Malaysia M3 League
- Season: 2019
- Promoted: Kelantan United Kuching FA
- Relegated: Penjara Tun Razak
- Matches: 182
- Goals: 746 (4.1 per match)
- Top goalscorer: Fakhrul Zaman (28 goals)
- Biggest home win: Banggol Tokku 10–0 Tun Razak (15 June 2019) Armed Forces 10–0 Tun Razak (6 October 2019)
- Biggest away win: Tun Razak 0–14 Ultimate (20 October 2019)
- Highest scoring: 14 goals Tun Razak 0–14 Ultimate (20 October 2019)
- Longest winning run: 11 matches Kelantan United
- Longest unbeaten run: 21 matches Kelantan United
- Longest winless run: 17 matches Tun Razak
- Longest losing run: 17 matches Tun Razak

= 2019 Malaysia M3 League =

The 2019 Malaysia M3 League was the 1st season of the Malaysia M3 League that replaced the former Malaysia FAM League.

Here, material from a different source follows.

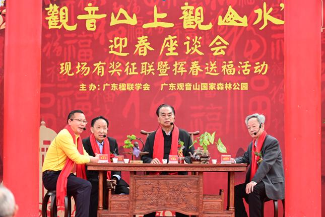在品析“觀音山上觀山水”之余,觀音山景區還推出了有獎征對句活動,廣東楹聯學會會長鄒繼海以“名山對對對名聯”為下聯出句征上聯,自1月10日開始清晨便吸引了近千名“聯友”前來景區一展才情投稿。此外,當天楹聯名家現場揮春送福,為廣大聯友、游客現場送“福”,將福氣帶回家。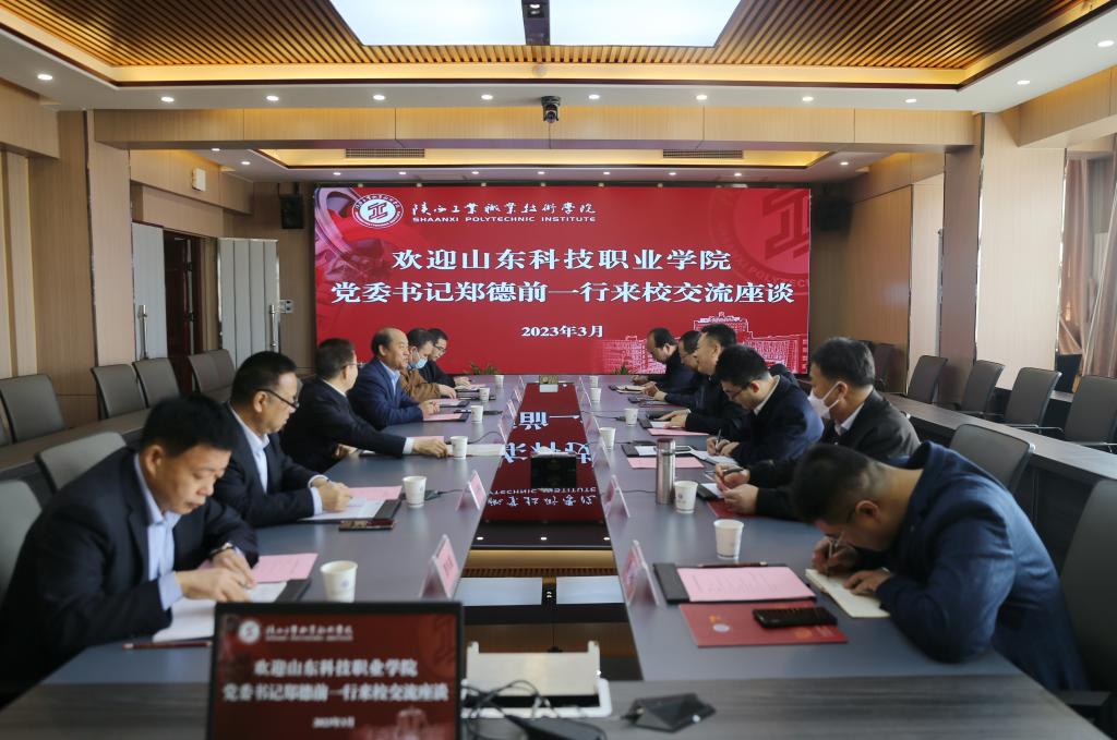 郑德前书记对我校的发展历史、办学理念、陕工精神、校企合作大加赞赏,并对我校近年来的办学成绩给予高度评价,简要介绍了山东科技职业学院基本情况及发展现状,并对山东科技职业学院的1个目标3步走的学校战略进行了着重介绍。随后,双方相关对口部门就“双高计划”建设、智能制造类专业建设及实训基地建设等内容进行了深入交流。

==Establishment and format==
This season saw a revamp of the competition's format by the Football Association of Malaysia (FAM). Announced earlier on 24 November 2018 by FAM deputy president Yusoff Mahadi, the format of the new season was outlined in a meeting by FAM's Local Competition Committee and were announced in a media statement on 19 December 2018.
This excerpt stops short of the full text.